February School Nurse Newsletter: Flu Peak, Heart Health, and Hygiene

February is still peak flu season in most regions, Valentine's Day creates a classroom food event with allergen implications, and American Heart Month gives you a timely theme for a brief health education moment. Your February nurse newsletter covers all three without becoming a lecture.
Update families on the current illness situation
If flu is still circulating heavily, say so. If you have had a notable absence week, mention it without alarm. Families who know the school is seeing active illness are more likely to keep a borderline-sick child home. "We continue to see flu-like illness this week. Please review the illness criteria below before sending your child if they are not feeling well." That sentence does more than a general prevention reminder.
Remind families about Valentine's Day classroom food safety
Classroom Valentine's Day parties are a food allergen risk. Send your reminder early, not the day before. The key points: all classroom treats must have a visible ingredient label, families of students with documented allergies should contact the classroom teacher and your office before the party date, and homemade treats without labels should not be distributed. A brief, direct paragraph covers everything. One line for teachers in the newsletter as well: "Teachers, please review your class allergy list before any food event."
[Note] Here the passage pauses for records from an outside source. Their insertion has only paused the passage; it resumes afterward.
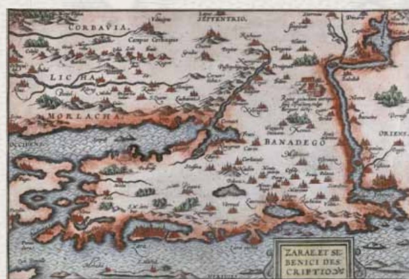
Natal Bonifacij. Zarae et Sebenici descriptio . Antwerpen, o. 1575.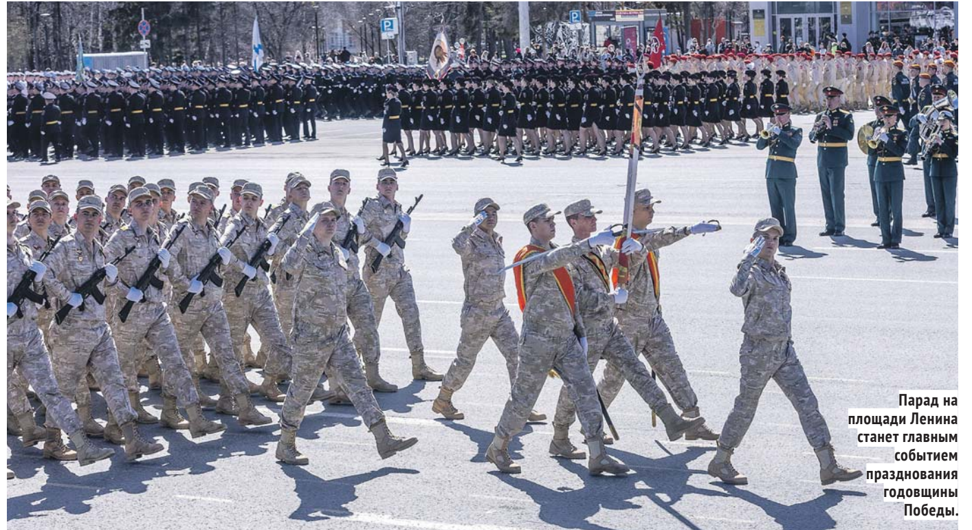
Парад на площади Ленина станет главным событием празднования годовщины Победы.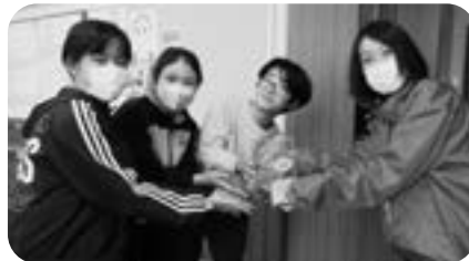
峠下小学校共同募金寄贈式

Add a brief heart health message for American Heart Month
February is American Heart Month. A short paragraph connecting heart health to student habits is well-timed and builds health literacy. Keep it positive and practical: three heart-healthy habits for children are at least 60 minutes of physical activity most days, a diet that includes fruits and vegetables alongside reasonable treats, and adequate sleep. You do not need to turn this into a cardiovascular lecture. Two sentences and a takeaway is the right length.
Reinforce illness exclusion criteria
February is when families start getting worn down by illness season and sometimes make questionable calls about sending a sick child to school. A clear restatement of your policy is timely: "Students need to stay home if they have a fever of 100.4 or above, are vomiting or have diarrhea, or are too unwell to participate in class. They can return 24 hours after fever breaks without medication." No softening, no hedge. Clear criteria.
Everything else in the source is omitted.